Types that are plain nuts to use with this generally blow up in other ways:

>>> sign("abce")
Traceback (most recent call last):
    ,,,
TypeError: '<' not supported between instances of 'str' and 'int'
1 Like

Yes, and I touched on some of the subtleties in my own follow-up later - I think the original left the impression that sympy may be incoherent. But it isn’t, not at all.

The larger point is that even when external types do implement dunder methods (like __eq__), we still have no idea what they were written to do. Granted that “equality” is an especially slippery concept, though.
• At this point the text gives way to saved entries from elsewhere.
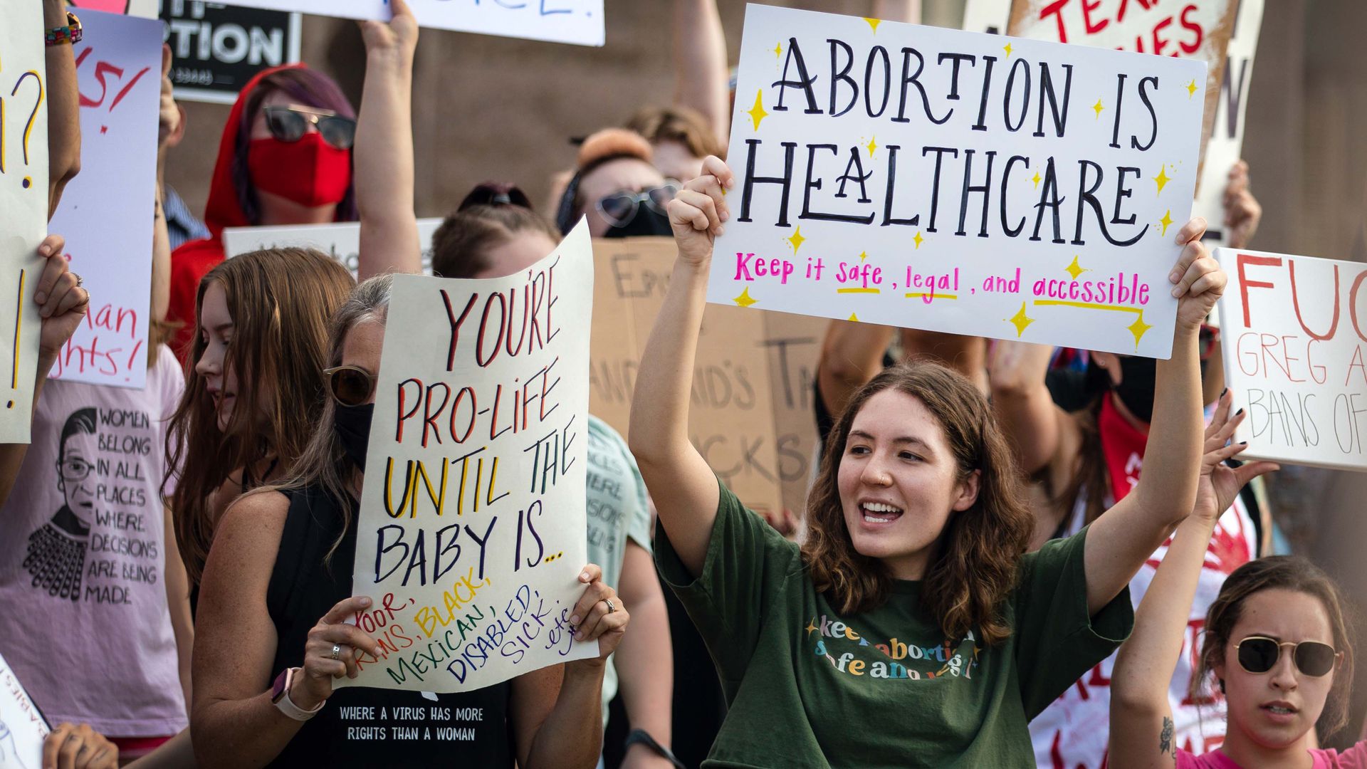Demonstrators rally against anti-abortion and voter suppression laws at the Texas State Capitol on October 2, 2021 in Austin, Texas.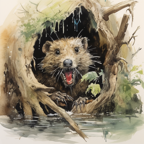 hidden behind a tree, a beaver with two big front teeth hiding, peering out, ralph steadham style, creepy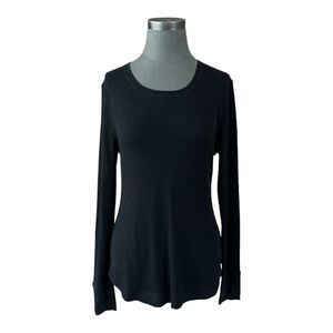 Women Shirt OLD NAVY Essential Rib T-Shirt Black Long Sleeve Tee Crew Neck Top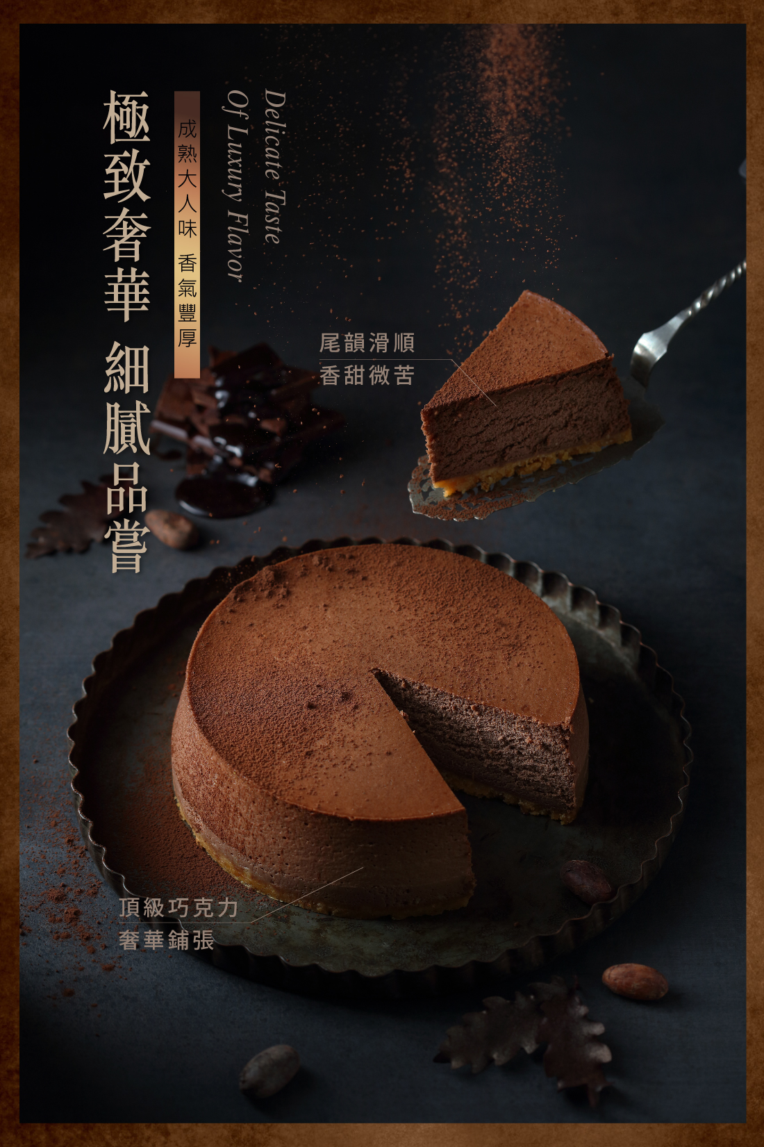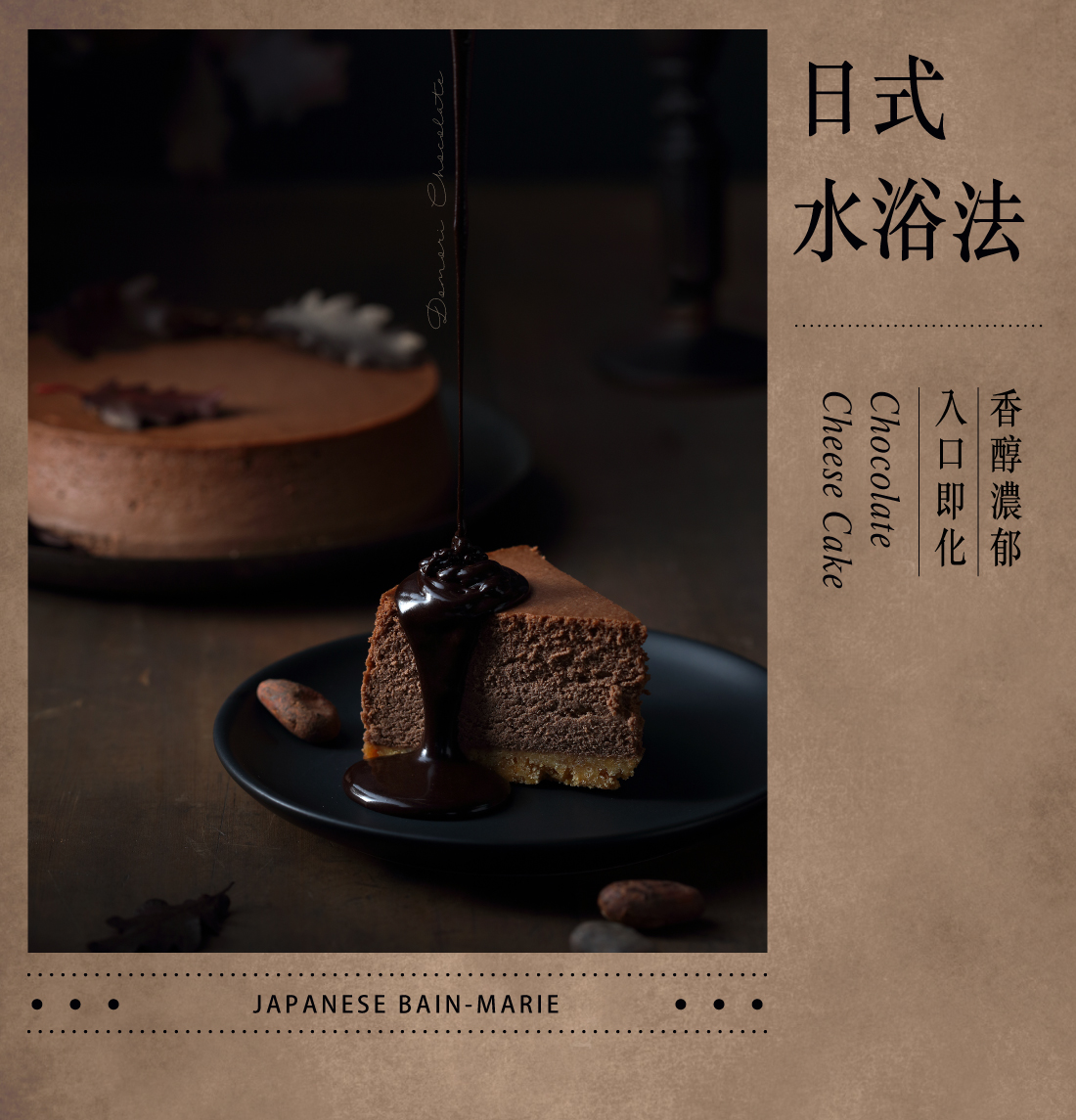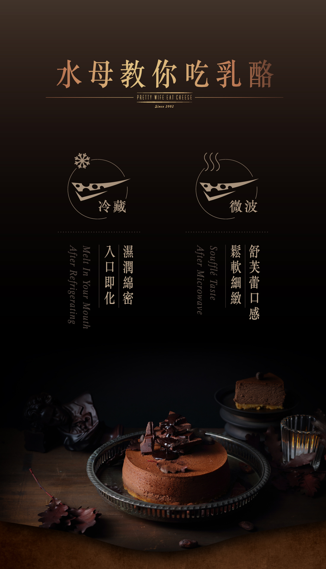 以北海道乳酪凝脂製成,乳酪含量高達80%,並選用義大利進口72%苦甜巧克力。利用日式低溫水浴工法,口感質地滑順香濃。三種吃法,有趣多變,冷凍吃起來就像雪糕,口感濃郁沁涼;冷藏吃起來濕潤綿密、入口即化;微波吃起來就像舒芙蕾口感,鬆軟細緻。

Can you link this again? I can’t find any reference for that. The Array API defines sign here. Sign of zero is very clearly zero for at least the numpy floating types. I would find it really odd if it worked differently for float.

It is here:

It features a similar discussion as here for the dtype=object case where similarly ill-advised attempts at type checking (isinstance(obj, Real)) or duck-typing trichotomy etc are considered. It would have been better if np.sign had never attempted to handle dtype=object and along similar lines here it would be better not to add math.sign if it can only be done with poorly defined duck-typing or some ad-hoc special-casing of particular types.

As a float function it makes sense and is well defined but it seems no one agrees with me that a float version of sign would be reasonable in the math module. The alternatives to a float version of sign that have been suggested all sound to me like setting bad precedents that would be worse than any benefit the sign function itself would bring.

In what way is “For types other than the two special cases (float, decimal) in the standard library, use a rich comparison with zero” poorly defined?

Sign only has any weirdness at all because of float-like types. All of the special case behavior needed for numeric types is due to floats not being well-behaved numerically.

1 Like

This implementation actually lets through some bizzare things with the implicit truthiness of if x < 0: et al. I should have specifically called out why I used match-case in my implementation, it more neatly represented rejecting things that weren’t returning a clear indication of numeric comparability since unfortunately, we have types that use the rich comparison dunders to create a DSL rather than having macros.